Never ‘officially’, but I get called sometimes when fires happen. There was one stretch where I was the only developer available and must’ve had 4 or 5 fires within a few weeks. It’s always anxiety inducing when I get the call because I would have little idea what it’s about.

I don’t know how I would cope with being on-call officially, whether I’d be able to relax and forget about it or remain a ball of anxiety throughout.

Kevan Carstensen • Oct 15 '20

I've worked at a few places without an official on-call rotation (save for informal "who is available on thanksgiving?" spreadsheets). I felt like I was always on-call, which made it really hard to unplug. Would not do this again.
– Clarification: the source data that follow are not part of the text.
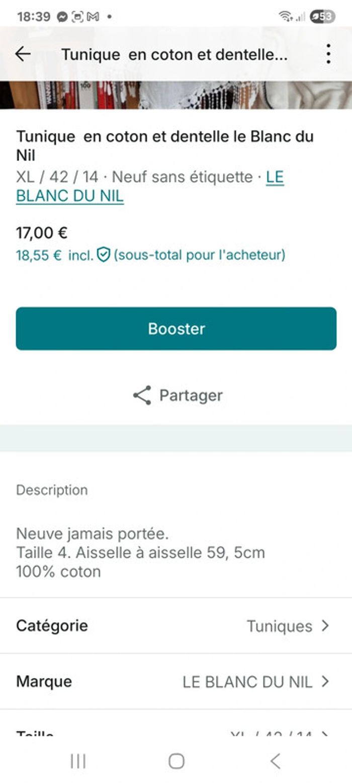 Tunique le Blanc du Nil coton et dentelle T 4 - photo numéro 7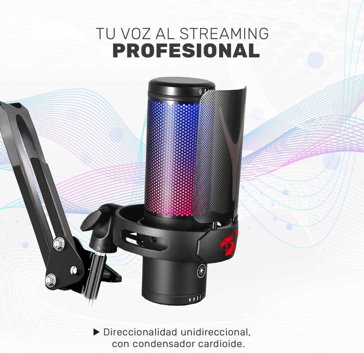 O Microfone Gamer Redragon Fenris RGB Preto GM301 entrega desempenho profissional com visual imponente. Equipado com iluminação RGB dinâmica, base antideslizante e redução de ruído, é ideal para streamers, criadores de conteúdo e gamers exigentes. Capta o som com clareza cristalina, garantindo voz limpa e natural em transmissões, chamadas ou gravações.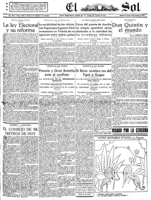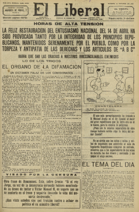 Se presentan a continuación las portadas de los seis principales diarios republicanos publicados en esa jornada. En la del diario El Sol aparecía el artículo de #JoseMorenoVilla "Don Quintín y el mundo".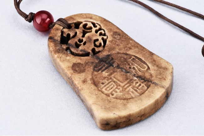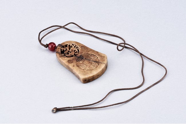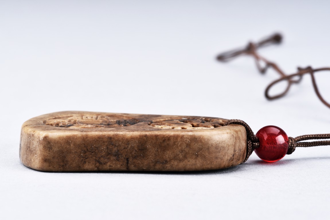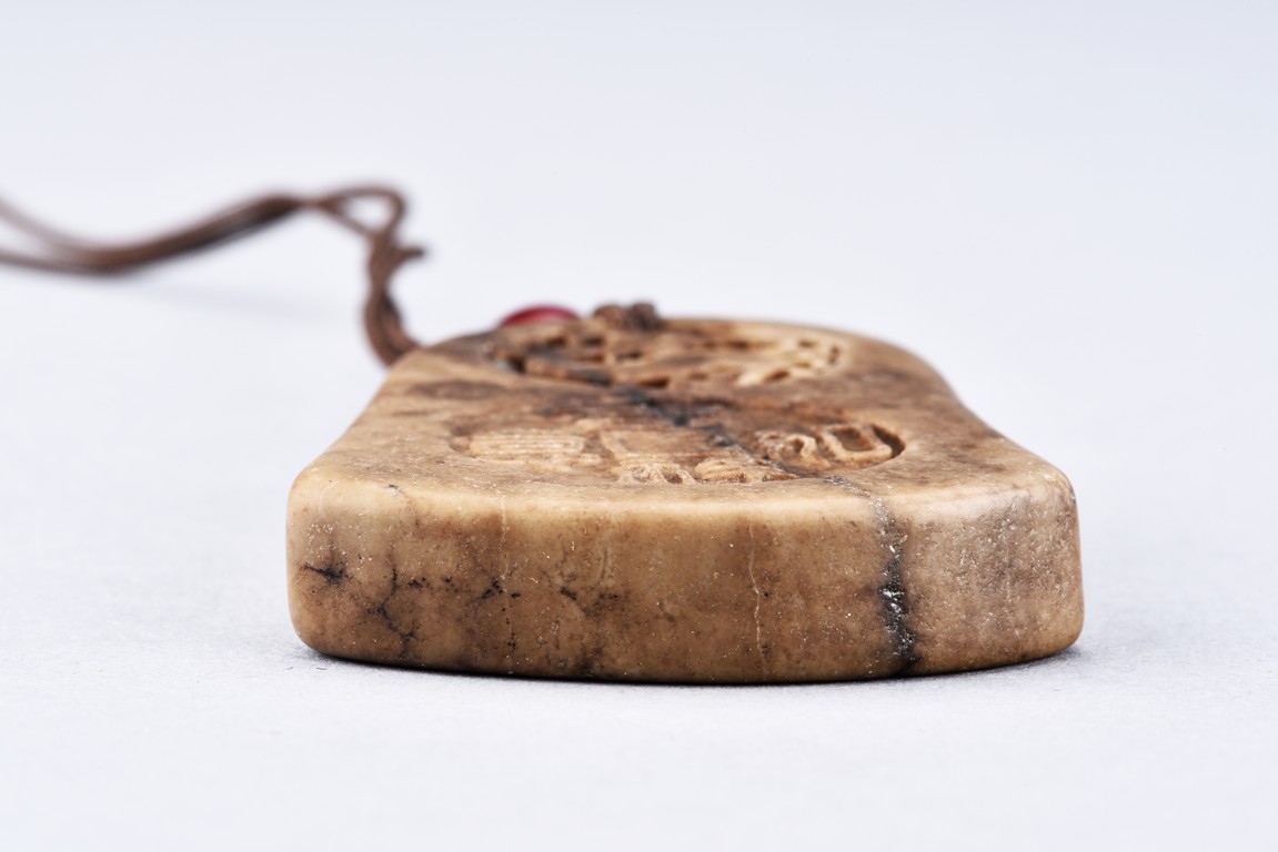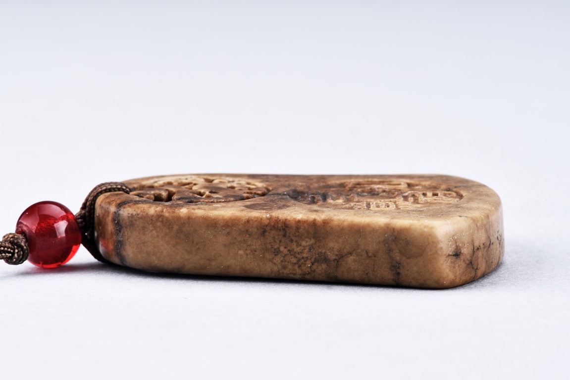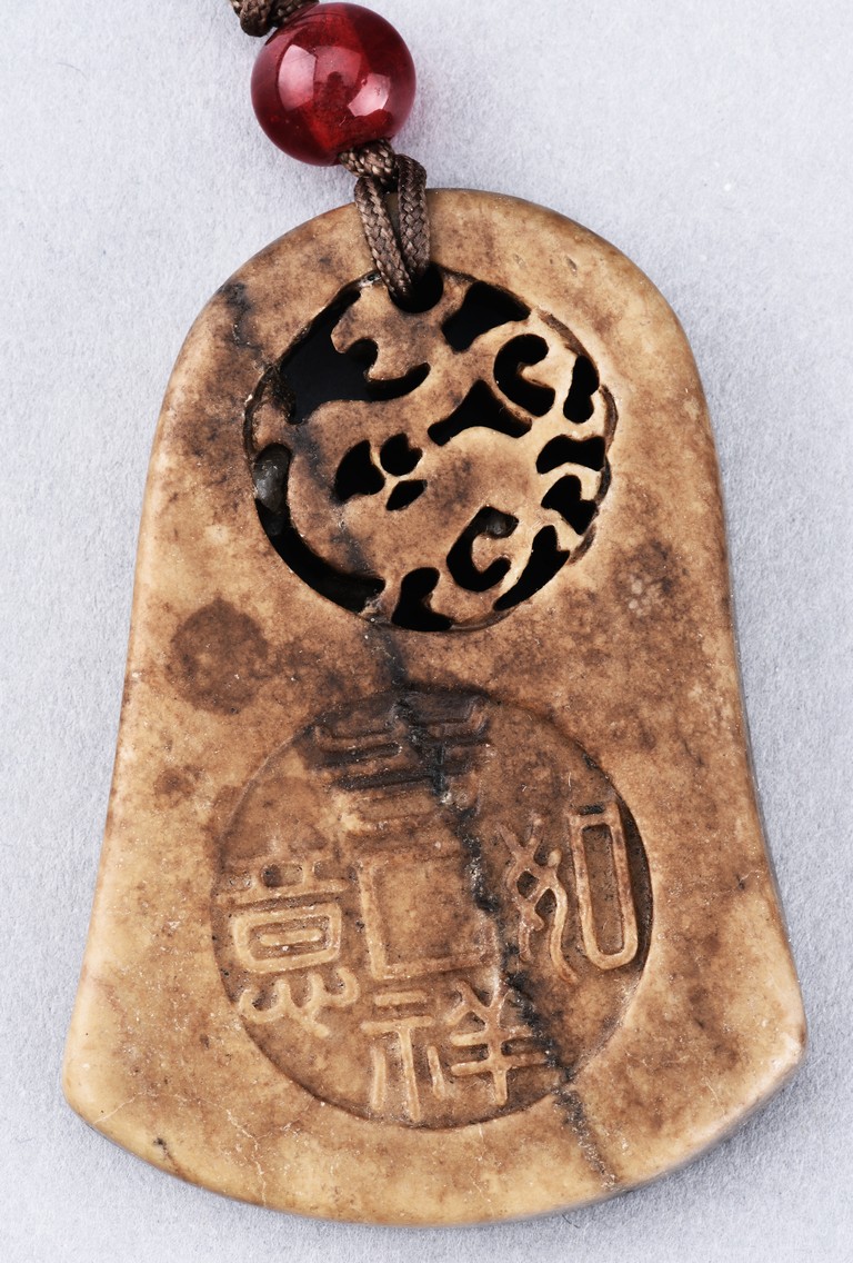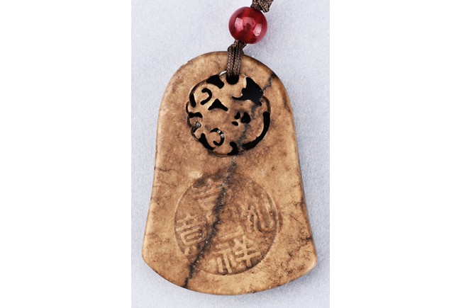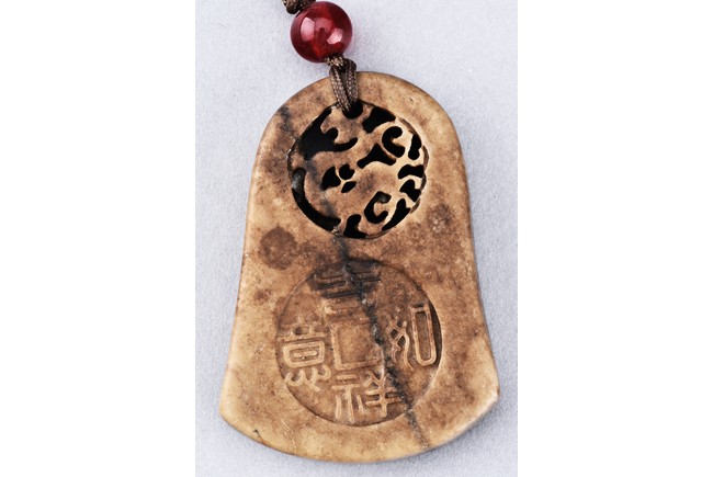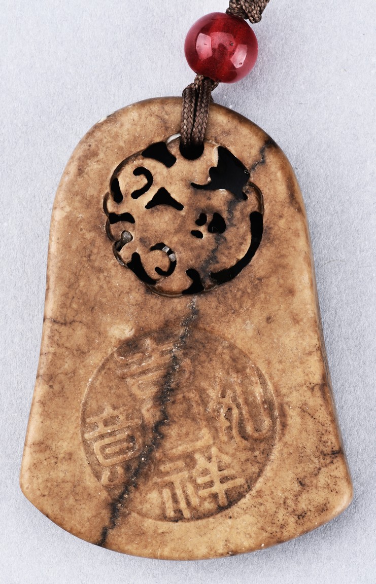 A JADE CARVED 'FORTUNE' PENDANT 玉雕如意吉祥鐘形掛墜

My current company has a small rotation of engineers who get paged in the middle of the night for critical system-level issues. The pages are infrequent (a few times/quarter) and actionable/important. The people on the rotation have enough general knowledge of our systems to deal with the pages. We have tooling wired into our PagerDuty config so non-engineers can page the right people if they need help or spot something wrong. It works really well. Getting paged is still a downer, but trustworthy monitoring/alerting and clear expectations about who deals with pages is a big help in terms of being able to unplug (I very rarely feel the temptation to check Slack on Saturday afternoon "just in case", for example).

I've heard of some places offering extra pay for people who opt-in to the on-call rotation. I like this idea (it's like paying literal interest to service tech debt), and it's something I'd ask for if I worked somewhere where I was paged multiple times per rotation.

Ben Sinclair • Oct 15 '20

I used to do this as a sysadmin, and these days I sometimes do it as a developer.
It's ok.

Don't let them make you do it on the regular without getting paid for it!

shelby spees (she/her) • Oct 15 '20

Definitely, the expectations need to be set up-front and pay negotiated to reflect the extra work, either as an overall salary increase or as overtime pay for non-exempt workers.